New Publication on Paralog Removal
For the last few years, Dr. John Soghigian has been collaborating with Dr. Q.Y.J Xiang's group at North Carolina State University to address paralogs in sequence capture data. This is particularly a problem for data generated from angiosperms and other plants due to frequent genome duplication found in these organisms, but may be a problem in other groups, as well. The result of this collaboration, led by the excellent Dr. W. Zhou, was recently published in Systematic Biology.
The new putative paralog detection pipeline, or PPD (available via Dr. Zhou's github, https://github.com/Bean061/putative_paralog), uses shared heterozygosity across evolutionarily distant taxa to detect potential paralogs under the that polymorphisms among species are more likely to be fixed differences between paralogs over deep divergences, than shared ancestral polymorphism.

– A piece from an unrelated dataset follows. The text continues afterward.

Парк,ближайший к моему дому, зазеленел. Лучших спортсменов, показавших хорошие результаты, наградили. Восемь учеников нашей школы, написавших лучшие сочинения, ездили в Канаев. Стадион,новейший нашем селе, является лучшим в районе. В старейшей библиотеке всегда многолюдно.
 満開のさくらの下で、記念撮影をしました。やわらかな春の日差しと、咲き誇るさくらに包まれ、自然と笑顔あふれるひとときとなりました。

Even at shallow divergences, previous studies have shown that shared heterozygosity may be attributable to gene duplication events or previously undetected polyploidy. Regions with high heterozygosity may also be indicative of poorly aligned multiple-sequence alignments.

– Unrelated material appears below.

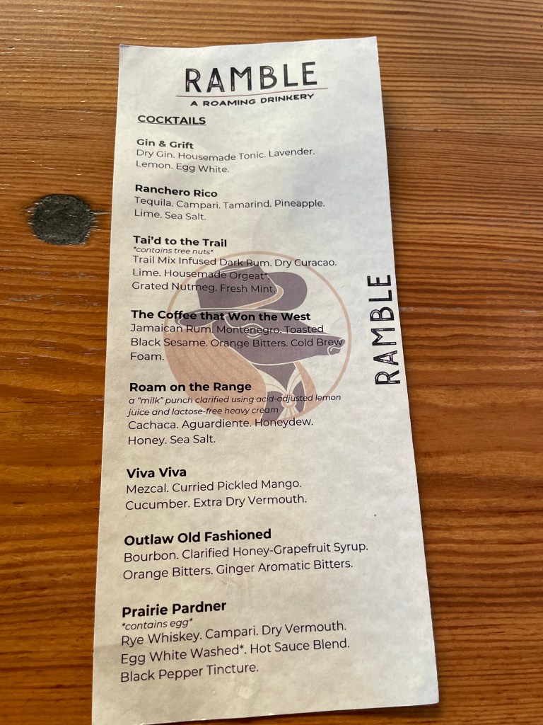 Other than a verb to describe the musings of some deranged, nearing middle aged man posting his Creed Thoughts about the Charlotte food and drink scene, Ramble is a traveling craft cocktail bar that establishes residency with local bars and restaurants for a few weeks at a time. The genius behind what these guys are doing lies in the menu. Not only have I never seen a drink menu this innovative, but this menu is so perfectly and intentionally curated to fit the vibe of the venue, the neighborhood, and the season. I mean look at this thing:

As such, a key feature of PPD is recoding alignments with IUPAC degenerate nucleotide codes. This allows for PPD's putative paralog detection, but many phylogenetic programs can also leverage this coding in estimating evolutionary relationships and relative branch lengths. We demonstrate that PPD is more accurate at detecting paralogs and leads to better phylogenetic estimates, particularly for analyses where relative branch length differences can be important, as in divergence time estimation.